Cobalt oxide Co₃O₄ has recently emerged as promising, noble metal-free catalyst for oxidation reactions but a better understanding of the active catalyst under working conditions is required for further development and potential commercialization. An operando approach has been applied, combining near ambient (atmospheric) pressure X-ray photoelectron spectroscopy (NAP-XPS), Fourier transform infrared spectroscopy (FTIR), or X-ray diffraction (XRD) with simultaneous catalytic tests of CO oxidation on Co₃O₄, enabling one to monitor surface and bulk states under various reaction conditions (steady-state and dynamic conditions switching between CO and O₂).

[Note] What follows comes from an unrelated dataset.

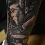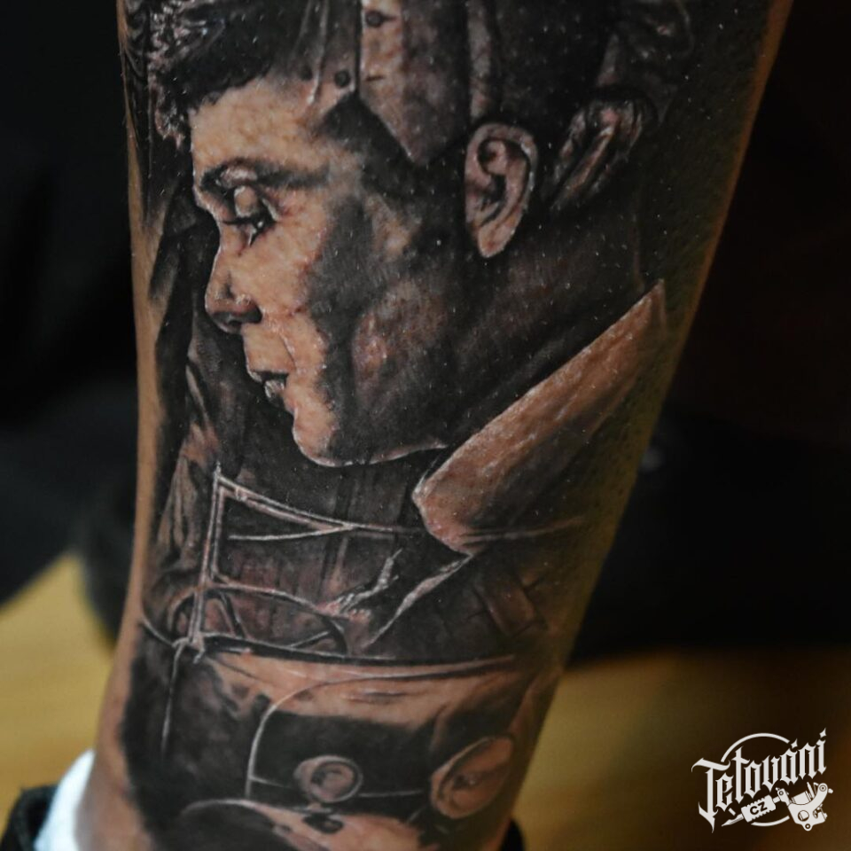 Tetování z filmů pohádek, portrét Tom Shelby na lýtku
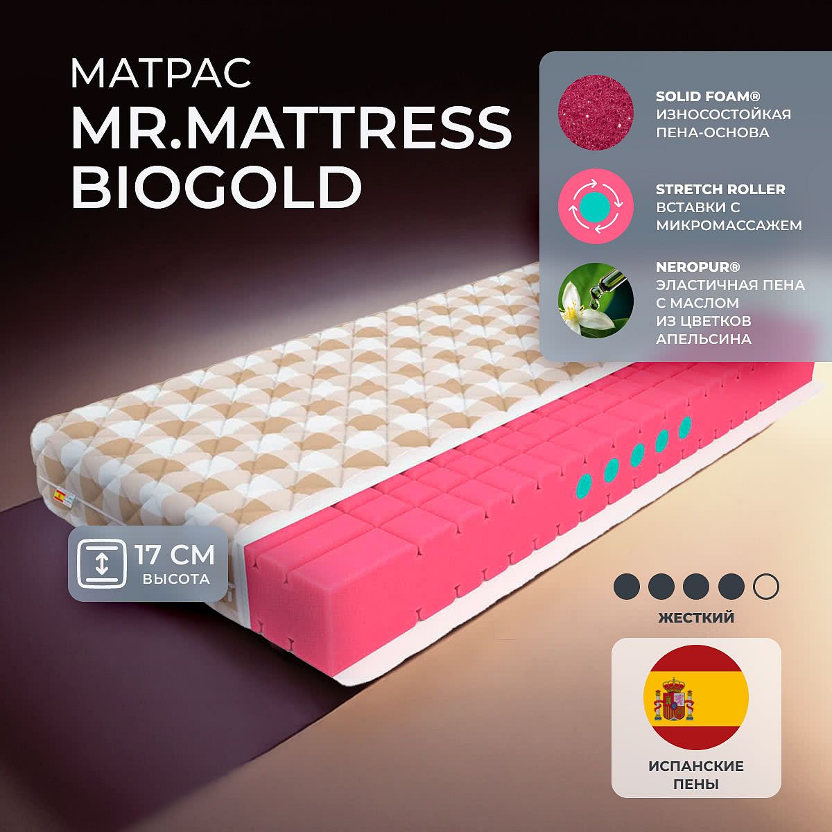 Матрас высокой жесткости «Mr.Mattress BioGold» — оптимальный выбор для уверенной поддержки позвоночника. Именно такие модели обычно рекомендуют подросткам, спортсменам или людям с проблемами позвоночника.

On the basis of the surface-specific chemical information a complex network of different reaction pathways unfolded: Mars-van-Krevelen (MvK), CO dissociation followed by carbon oxidation, and formation of carbonates. A possible Langmuir–Hinshelwood (LH) pathway cannot be excluded because of the good activity when no oxygen vacancies were detected. The combined NAP-XPS/FTIR results are in line with a MvK mechanism above 100 °C, involving the Co³⁺/Co²⁺ redox couple and oxygen vacancy formation. Under steady state, the Co₃O₄ surface appeared oxidized and the amount of reduced Co²⁺ species at/near the surface remained low up to 200 °C. Only in pure CO, about 15% of surface reduction were detected, suggesting that the active sites are a minority species. The operando spectroscopic studies also revealed additional reaction pathways: CO dissociation followed by carbon reoxidation and carbonate formation and its decomposition. However, due to their thermal stability in various atmospheres, the carbonates are rather spectators and also CO dissociation seems a minor route. This study thus highlights the benefits of combining operando surface sensitive techniques to gain insight into catalytically active surfaces.